PROBLEM TO WORK ON> From the line with "På trods af" to the line with "Enjoy cocktails with", output every line below exactly, both ends included. Skip the pictures.

DATA EXCERPTS>
★ ★ ★
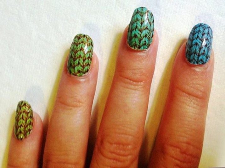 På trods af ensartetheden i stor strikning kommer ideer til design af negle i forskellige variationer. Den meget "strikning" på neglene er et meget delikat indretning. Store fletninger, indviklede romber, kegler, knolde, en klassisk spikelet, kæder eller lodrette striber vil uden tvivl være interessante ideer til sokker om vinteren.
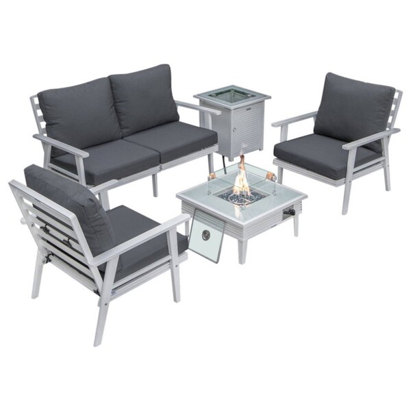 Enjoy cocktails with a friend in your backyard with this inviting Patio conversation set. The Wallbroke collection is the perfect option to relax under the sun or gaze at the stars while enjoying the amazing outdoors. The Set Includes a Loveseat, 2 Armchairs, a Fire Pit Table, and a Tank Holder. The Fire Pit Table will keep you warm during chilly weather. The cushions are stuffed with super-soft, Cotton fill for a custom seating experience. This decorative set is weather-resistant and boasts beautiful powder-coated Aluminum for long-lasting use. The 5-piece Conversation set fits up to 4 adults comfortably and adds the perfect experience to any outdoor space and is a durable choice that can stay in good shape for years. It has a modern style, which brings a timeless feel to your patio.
★ ★ ★
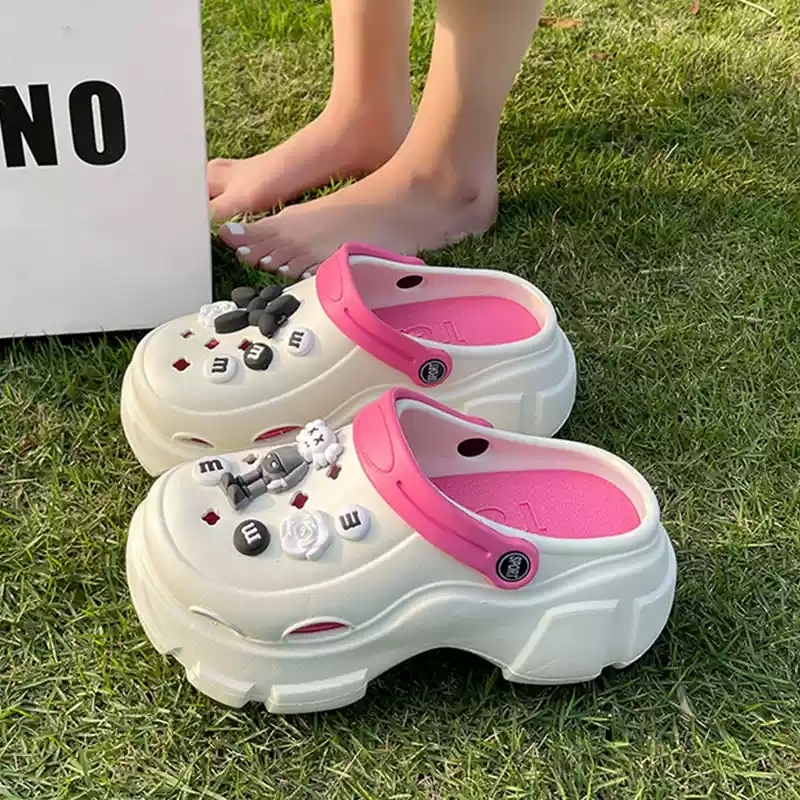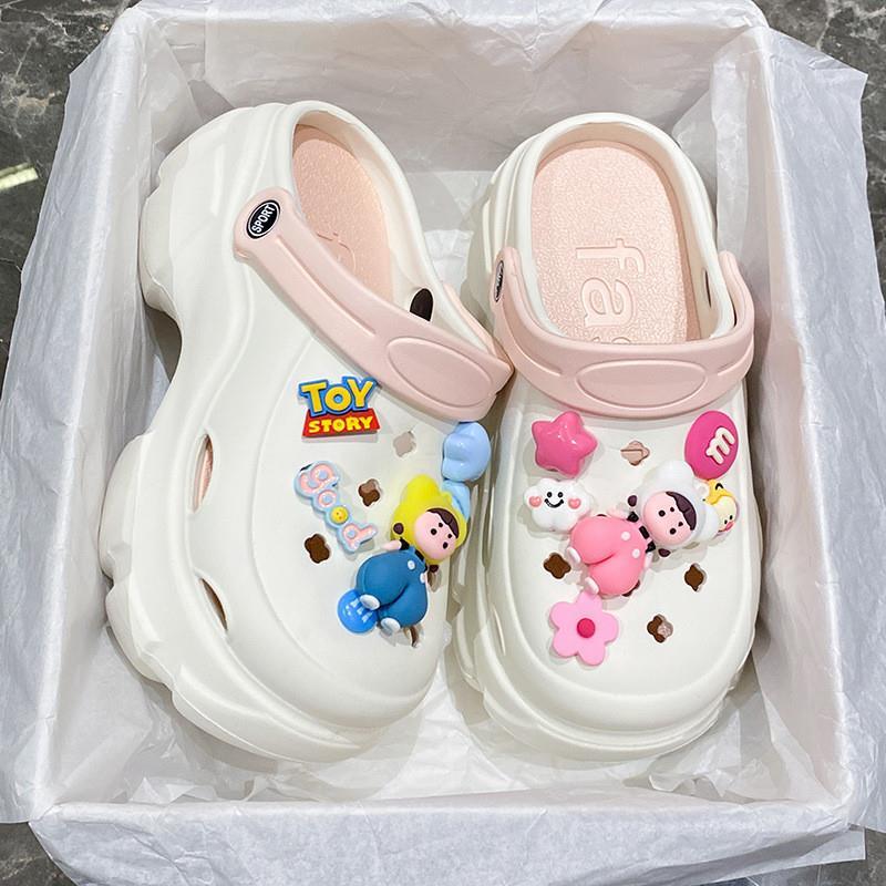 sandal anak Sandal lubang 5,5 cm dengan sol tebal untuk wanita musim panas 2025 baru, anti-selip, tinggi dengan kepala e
★ ★ ★
EXERCISE OUTPUT>
 På trods af ensartetheden i stor strikning kommer ideer til design af negle i forskellige variationer. Den meget "strikning" på neglene er et meget delikat indretning. Store fletninger, indviklede romber, kegler, knolde, en klassisk spikelet, kæder eller lodrette striber vil uden tvivl være interessante ideer til sokker om vinteren.
 Enjoy cocktails with a friend in your backyard with this inviting Patio conversation set. The Wallbroke collection is the perfect option to relax under the sun or gaze at the stars while enjoying the amazing outdoors. The Set Includes a Loveseat, 2 Armchairs, a Fire Pit Table, and a Tank Holder. The Fire Pit Table will keep you warm during chilly weather. The cushions are stuffed with super-soft, Cotton fill for a custom seating experience. This decorative set is weather-resistant and boasts beautiful powder-coated Aluminum for long-lasting use. The 5-piece Conversation set fits up to 4 adults comfortably and adds the perfect experience to any outdoor space and is a durable choice that can stay in good shape for years. It has a modern style, which brings a timeless feel to your patio.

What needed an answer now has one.